Adjunct professor of biology Mary Eubanks is investigating how to make better corn --of which North Carolina farmers produced 72 million bushels in 2002. Eubanks recently shed new light on the genetic origins of modern corn, knowledge important both for the production of new varieties and for preserving the ability to solve agricultural problems such as new pests or the need for new farming methods.
The State of Duke University
Water Watchdogs
Duke professor Curtis Richardson, one of Duke's internationally recognized scholars, brings his expertise to North Carolina by removing pollutants from a regional water supply in Durham and improving the local wildlife habitat. Richardson is one of many Duke professors whose research benefits North Carolinians.

It's a common but unfortunate effect of development: Paving over land for shopping centers, subdivisions and the like can cause stormwater runoff that threatens drinking water sources. Curtis Richardson is doing something to remedy the situation.

Richardson, a professor of resource ecology at the Nicholas School of the Environment and Earth Sciences, has been called on to help preserve the Florida everglades and the marshlands in Iraq. The spring, Richardson focused his talents at home, supervising the transformation of about 2,000 feet of heavily eroded, silt-clogged Sandy Creek in Duke Forest into a restored wetland. Once refurbished, the wetlands will treat about 1,400 acres of stormwater runoff from Durham and the Duke campus, removing sediment and nutrients before the water drains into the Jordan Reservoir, a drinking-water source for thousands in the Triangle.

"By restoring the natural flood plain that used to be here before the onslaught of urban development, we'll recreate a healthy wetlands ecosystem that sops up pollutants and improves wildlife habitat," says Richardson, founder and director of the Duke University Wetland Center. "Our goal is to create an ecosystem similar to what you would have found here 75 to 100 years ago."

Project sponsors include the Clean Water Management Trust Fund, the North Ecosystem Enhancement Program, Duke Forest, Duke's Facilities Management Department EPA 319 Program, and the Wetland Center. The reconstruction will take about six months and cost $ 1.5 million dollars. EPA 319 Program will also provide an additional $340,000 for monitoring and construction of treatment wetland at the site over the next three years.

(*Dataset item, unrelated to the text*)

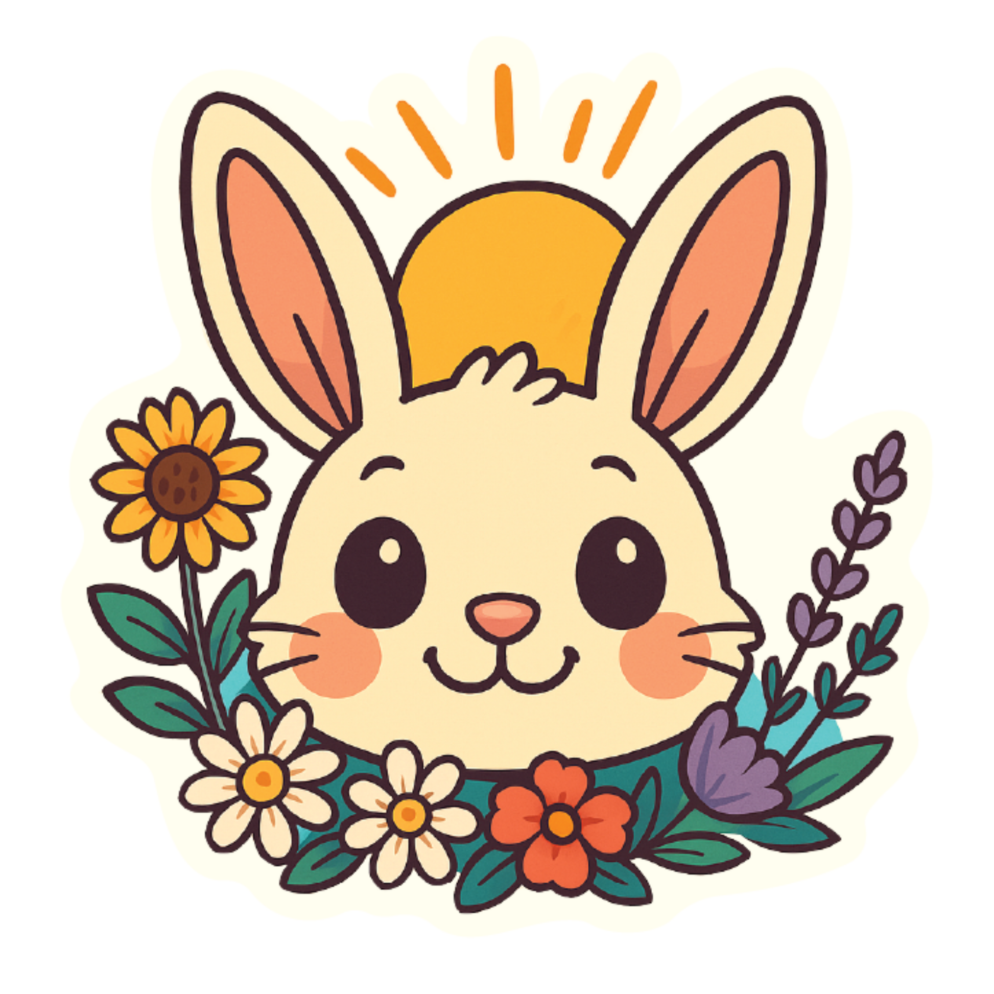 Welcome the longest day of the year with Solstice Sunshine, a bright and joyful bunny bursting with summer energy. This cheerful little rabbit peeks out from a ring of wildflowers with the golden sun rising behind its ears, ready to soak in the warmth of the season. Radiating pure happiness and sunshine vibes, this sticker is the perfect way to celebrate the start of summer, whether you’re heading to a picnic, decorating your water bottle, or just want to carry a little sunshine wherever you go. Durable and weather resistant, it’s made to stick with you through all your summer adventures.

Lessons from the restoration will contribute to a better understanding of what to do elsewhere in the state, says Bill Holman, executive director of North Carolina's Clean Water Management Trust Fund. The fund, created in 1996 by the N.C. General Assembly, makes grants to local governments, state agencies and conservation non-profits to help finance projects that address water pollution problems.

"With most of these restoration projects, we're still in the art, not the science, phase," Holman says. "We're still learning a lot about what really works and what doesn't. [Duke's] wetlands research project is a win for water quality and a win for improving the science of stream and wetland restoration."

Besides being an example of a rare Piedmont wetland, the eight-acre ecosystem provides a site for research on biological diversity, hydrology, mosquito control, invasive plant species and other environmental concerns, Richardson says. The project will serve as an outdoor classroom and field laboratory for students and researchers from Duke and other area schools and universities.

"What we learn here will reach far beyond Durham," adds Richardson. "It will benefit wetlands and watersheds nationwide."